■ **What this task involves**
Look through the entries below for the line with "为做好2022年春季招生及本" and the line with "Міський Гуманітарний штаб", then give again exactly those two lines and all lines between them, minus the pictures.

■ **Data provided**
######

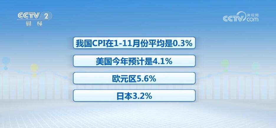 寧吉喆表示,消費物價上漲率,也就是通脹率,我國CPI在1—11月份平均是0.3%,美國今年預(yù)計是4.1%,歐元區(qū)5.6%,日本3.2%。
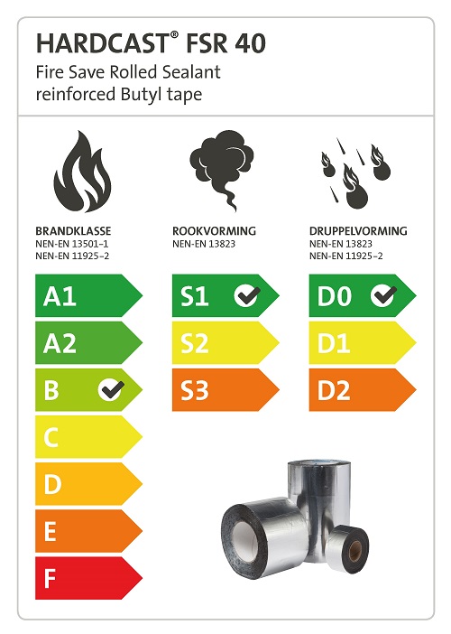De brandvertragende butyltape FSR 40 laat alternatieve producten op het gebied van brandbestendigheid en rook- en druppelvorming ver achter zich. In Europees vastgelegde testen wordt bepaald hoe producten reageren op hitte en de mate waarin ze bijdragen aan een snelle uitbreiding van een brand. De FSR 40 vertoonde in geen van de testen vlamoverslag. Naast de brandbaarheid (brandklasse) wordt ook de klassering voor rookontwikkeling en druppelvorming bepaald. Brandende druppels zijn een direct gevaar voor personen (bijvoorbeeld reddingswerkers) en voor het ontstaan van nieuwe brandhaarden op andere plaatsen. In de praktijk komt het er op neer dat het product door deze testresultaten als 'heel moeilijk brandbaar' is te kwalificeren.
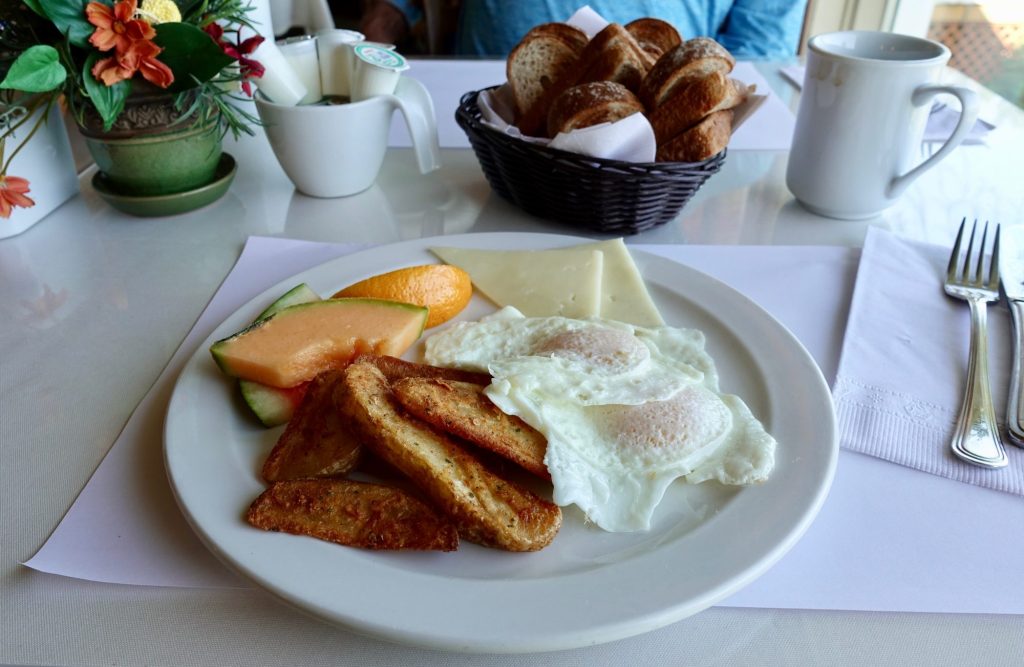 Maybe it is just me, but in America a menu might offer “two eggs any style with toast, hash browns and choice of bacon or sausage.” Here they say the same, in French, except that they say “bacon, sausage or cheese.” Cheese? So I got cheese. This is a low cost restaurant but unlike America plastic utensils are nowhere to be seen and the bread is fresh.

######

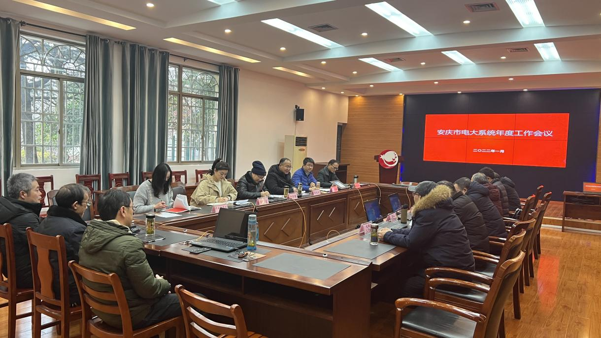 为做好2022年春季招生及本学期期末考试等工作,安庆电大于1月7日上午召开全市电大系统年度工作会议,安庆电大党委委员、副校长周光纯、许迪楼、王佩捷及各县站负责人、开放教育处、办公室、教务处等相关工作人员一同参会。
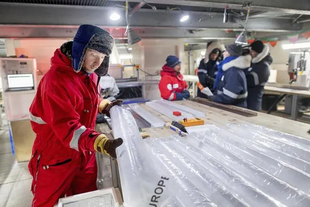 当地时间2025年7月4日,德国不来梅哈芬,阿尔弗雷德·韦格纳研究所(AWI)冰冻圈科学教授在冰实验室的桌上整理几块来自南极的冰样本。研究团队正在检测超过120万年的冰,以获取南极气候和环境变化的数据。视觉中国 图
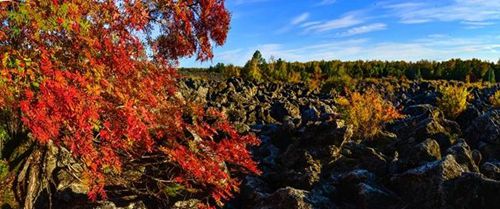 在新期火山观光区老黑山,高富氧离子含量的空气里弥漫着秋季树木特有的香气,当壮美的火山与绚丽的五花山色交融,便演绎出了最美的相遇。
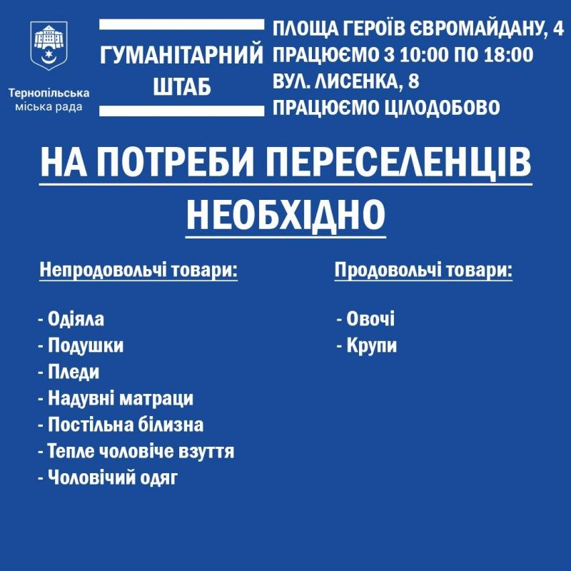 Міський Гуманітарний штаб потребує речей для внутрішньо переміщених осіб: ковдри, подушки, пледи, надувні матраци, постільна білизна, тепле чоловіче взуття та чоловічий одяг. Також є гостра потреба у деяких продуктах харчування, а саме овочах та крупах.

######

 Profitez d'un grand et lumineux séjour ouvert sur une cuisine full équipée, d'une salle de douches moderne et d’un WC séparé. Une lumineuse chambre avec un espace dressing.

######

■ **Answer to this problem**
 为做好2022年春季招生及本学期期末考试等工作,安庆电大于1月7日上午召开全市电大系统年度工作会议,安庆电大党委委员、副校长周光纯、许迪楼、王佩捷及各县站负责人、开放教育处、办公室、教务处等相关工作人员一同参会。
 当地时间2025年7月4日,德国不来梅哈芬,阿尔弗雷德·韦格纳研究所(AWI)冰冻圈科学教授在冰实验室的桌上整理几块来自南极的冰样本。研究团队正在检测超过120万年的冰,以获取南极气候和环境变化的数据。视觉中国 图
 在新期火山观光区老黑山,高富氧离子含量的空气里弥漫着秋季树木特有的香气,当壮美的火山与绚丽的五花山色交融,便演绎出了最美的相遇。
 Міський Гуманітарний штаб потребує речей для внутрішньо переміщених осіб: ковдри, подушки, пледи, надувні матраци, постільна білизна, тепле чоловіче взуття та чоловічий одяг. Також є гостра потреба у деяких продуктах харчування, а саме овочах та крупах.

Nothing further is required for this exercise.